Thin film silicon devices deposited at 100 °C: A study on the structural order of the photoactive layer

The dielectric functions of thin film silicon materials on glass were measured by spectroscopic ellipsometry (SE) and simulated by using the Tauc-Lorentz (TL) dispersion law, which provided information on disorder (C) and density (A).
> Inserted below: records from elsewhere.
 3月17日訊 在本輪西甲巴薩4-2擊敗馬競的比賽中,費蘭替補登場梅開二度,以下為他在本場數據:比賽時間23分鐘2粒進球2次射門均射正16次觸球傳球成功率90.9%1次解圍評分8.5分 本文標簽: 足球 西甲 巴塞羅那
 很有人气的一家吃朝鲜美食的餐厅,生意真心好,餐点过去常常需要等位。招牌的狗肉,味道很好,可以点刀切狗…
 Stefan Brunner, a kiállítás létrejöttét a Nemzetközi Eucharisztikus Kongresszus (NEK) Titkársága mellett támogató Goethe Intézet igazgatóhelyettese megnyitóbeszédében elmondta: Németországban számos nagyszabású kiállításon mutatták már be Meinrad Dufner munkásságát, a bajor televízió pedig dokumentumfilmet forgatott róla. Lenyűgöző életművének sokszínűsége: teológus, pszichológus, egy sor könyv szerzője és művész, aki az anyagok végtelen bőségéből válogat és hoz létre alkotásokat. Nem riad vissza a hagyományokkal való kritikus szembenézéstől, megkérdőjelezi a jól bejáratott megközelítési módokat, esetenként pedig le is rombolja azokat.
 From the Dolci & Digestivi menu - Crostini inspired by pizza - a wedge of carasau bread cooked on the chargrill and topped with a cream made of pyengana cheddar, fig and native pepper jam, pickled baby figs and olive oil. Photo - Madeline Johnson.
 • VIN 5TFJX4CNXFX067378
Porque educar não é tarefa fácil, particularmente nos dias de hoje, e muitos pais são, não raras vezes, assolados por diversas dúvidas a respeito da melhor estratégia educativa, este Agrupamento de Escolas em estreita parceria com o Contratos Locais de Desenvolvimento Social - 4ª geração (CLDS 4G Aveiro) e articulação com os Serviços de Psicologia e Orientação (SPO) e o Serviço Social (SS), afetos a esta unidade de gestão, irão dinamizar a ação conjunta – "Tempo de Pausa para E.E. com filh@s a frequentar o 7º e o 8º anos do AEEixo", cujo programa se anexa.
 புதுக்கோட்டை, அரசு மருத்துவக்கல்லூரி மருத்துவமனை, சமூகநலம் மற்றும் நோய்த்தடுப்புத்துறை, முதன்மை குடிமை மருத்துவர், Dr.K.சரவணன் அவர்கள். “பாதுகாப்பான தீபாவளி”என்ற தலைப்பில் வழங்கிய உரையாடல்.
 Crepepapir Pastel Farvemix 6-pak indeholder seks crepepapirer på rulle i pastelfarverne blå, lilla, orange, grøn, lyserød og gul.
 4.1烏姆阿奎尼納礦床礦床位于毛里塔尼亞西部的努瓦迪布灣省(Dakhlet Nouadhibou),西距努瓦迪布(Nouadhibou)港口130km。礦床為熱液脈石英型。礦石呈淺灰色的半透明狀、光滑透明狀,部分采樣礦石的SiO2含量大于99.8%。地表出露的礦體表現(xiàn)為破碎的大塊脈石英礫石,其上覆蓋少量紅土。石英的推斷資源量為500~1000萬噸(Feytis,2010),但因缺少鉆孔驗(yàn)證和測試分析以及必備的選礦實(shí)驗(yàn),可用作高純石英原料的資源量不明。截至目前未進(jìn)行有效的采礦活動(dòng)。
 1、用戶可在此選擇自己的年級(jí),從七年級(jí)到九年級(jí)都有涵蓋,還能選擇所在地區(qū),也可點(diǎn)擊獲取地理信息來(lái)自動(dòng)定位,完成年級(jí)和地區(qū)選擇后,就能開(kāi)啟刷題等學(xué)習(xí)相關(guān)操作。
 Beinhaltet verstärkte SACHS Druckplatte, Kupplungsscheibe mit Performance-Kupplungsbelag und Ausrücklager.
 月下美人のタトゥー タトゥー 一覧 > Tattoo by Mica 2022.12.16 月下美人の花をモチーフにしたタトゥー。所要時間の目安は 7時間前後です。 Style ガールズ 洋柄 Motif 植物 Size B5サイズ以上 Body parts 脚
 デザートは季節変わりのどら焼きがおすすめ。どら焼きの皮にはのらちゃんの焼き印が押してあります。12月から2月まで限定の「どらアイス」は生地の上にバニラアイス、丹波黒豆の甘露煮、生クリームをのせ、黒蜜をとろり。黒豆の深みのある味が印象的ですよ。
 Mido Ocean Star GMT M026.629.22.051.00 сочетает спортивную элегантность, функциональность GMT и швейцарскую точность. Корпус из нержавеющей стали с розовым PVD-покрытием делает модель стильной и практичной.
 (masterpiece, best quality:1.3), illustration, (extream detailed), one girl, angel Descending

A VHF plasma-deposited sample made at 100 °C with an optimum hydrogen dilution shows density (relative packing density of Si–Si bonds as estimated by SE) and structural disorder that are comparable to samples made at 200 °C. HWCVD materials made at 100 °C at lower hydrogen dilution conditions have a less dense structure and higher roughness compared to the plasma-deposited samples. This can be attributed to the absence of ion bombardment on the growing film. Out of all samples investigated, the HWCVD sample made at a hydrogen to silane flow ratio value of 20 showed a remarkably low structural disorder (C = 1.67) even though the deposition temperature was only 100 °C. A small bond angle variation of ∼6.4° as determined from its Raman spectrum, the presence of small (1–1.5 nm) dispersed crystalline-like islands in the silicon matrix, and sharp rings in the selective area diffraction pattern point towards a special ordered structure. The photoresponse of this material is >105.